Distributed and Optimal Reduced Primal-Dual Algorithm for Uplink OFDM Resource Allocation

TL;DR

This paper introduces a distributed reduced primal-dual algorithm for uplink OFDM resource allocation that efficiently handles heterogeneous user requirements, converges globally, and reduces message overhead compared to centralized methods.

Contribution

A novel distributed primal-dual algorithm for uplink OFDM resource allocation that is computationally efficient, likely globally convergent, and reduces message overhead.

Findings

Algorithm converges faster than centralized methods.

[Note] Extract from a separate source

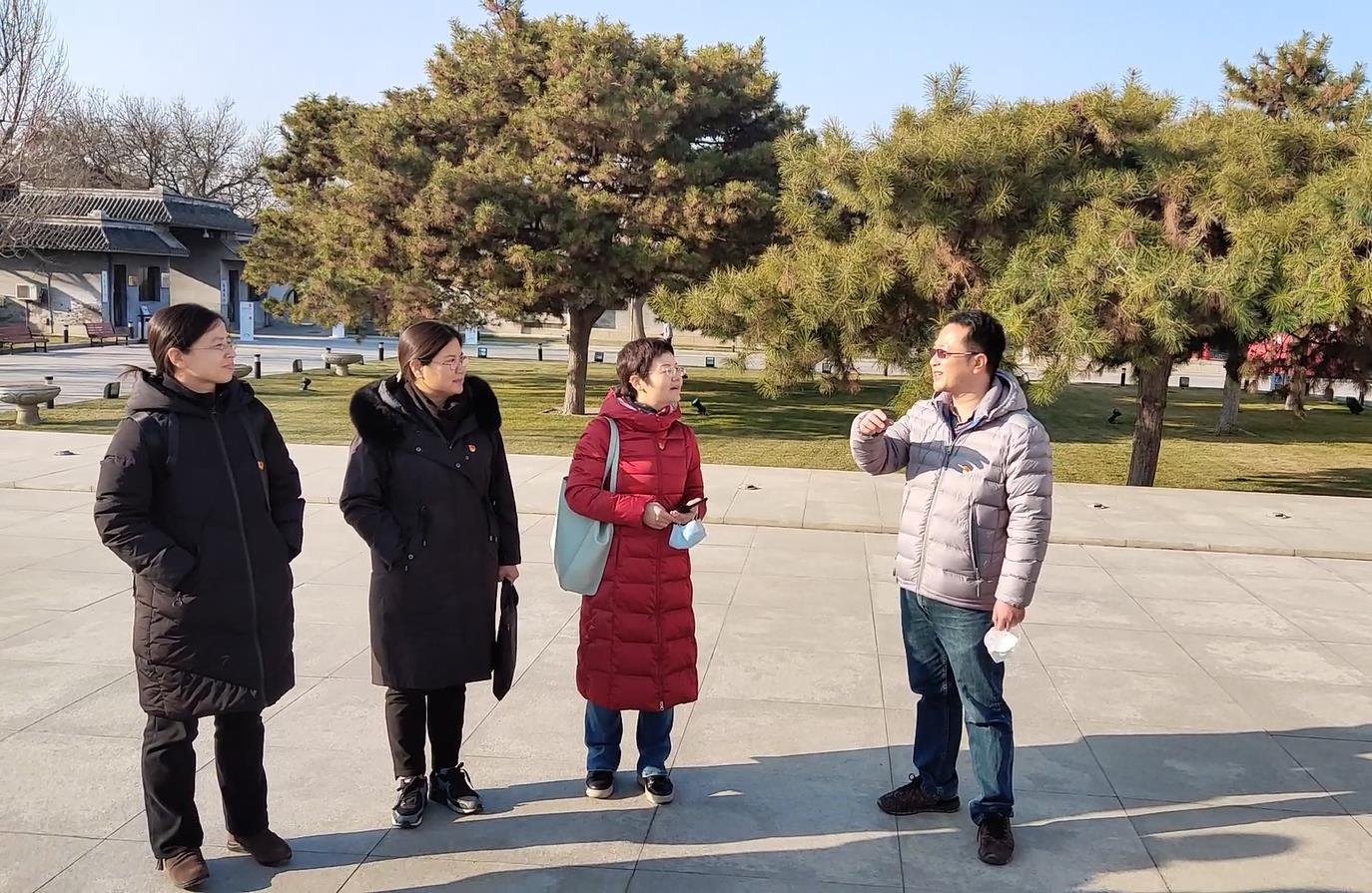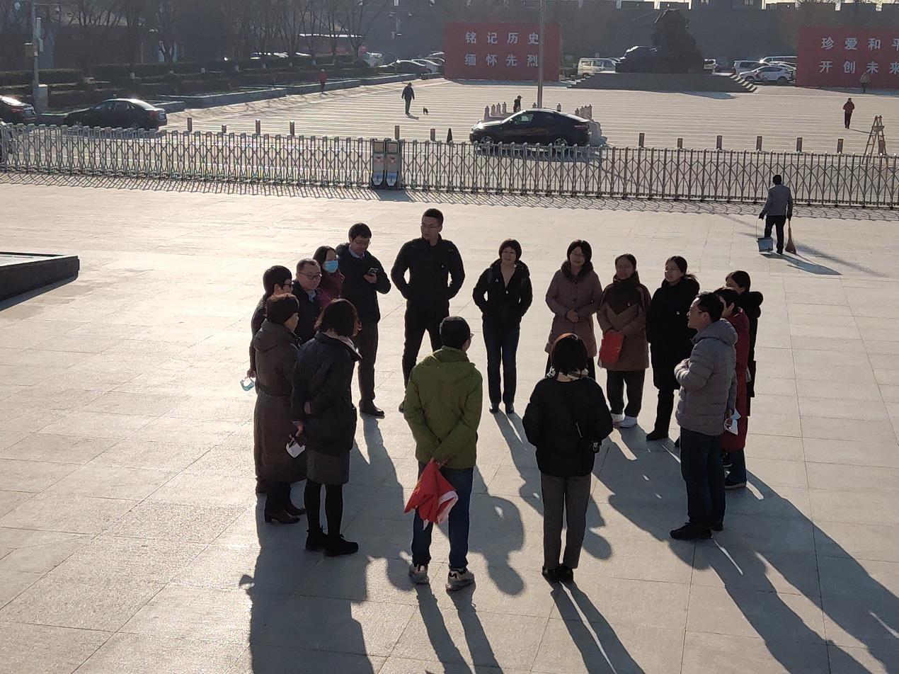穿过顺治门,全体党员来到了庄严雄伟的中国人民抗日战争纪念馆门前,大家进行了简短的互动交流。活动现场,蔡晖和闫聪分别介绍了科学研究部、学科办党支部以及机关一、二支部的基本情况以及党建工作概况。蔡晖回顾了去年来到Q彩网参观中科院“人民科学家?强国奠基石”主题教育基地的经历,闫聪向大家介绍了Q彩网怀柔园区的建设发展情况,在谈及“两弹一星”精神时,双方就促进长期党建合作交流再次共筑美好愿景,达成共识。

Significantly reduces message overhead.

Performs well in realistic OFDM simulations.

Abstract

Orthogonal Frequency Division Multiplexing (OFDM) is the key component of many emerging broadband wireless access standards. The resource allocation in OFDM uplink, however, is challenging due to heterogeneity of users' Quality of Service requirements, channel conditions, and individual resource constraints. We formulate the resource allocation problem as a non-strictly convex optimization problem, which typically has multiple global optimal solutions. We then propose a reduced primal-dual algorithm, which is distributed, low in computational complexity, and probably globally convergent to a global optimal solution. The performance of the algorithm is studied through a realistic OFDM simulator. Compared with the previously proposed centralized optimal algorithm, our algorithm not only significantly reduces the message overhead but also requires less iterations to converge.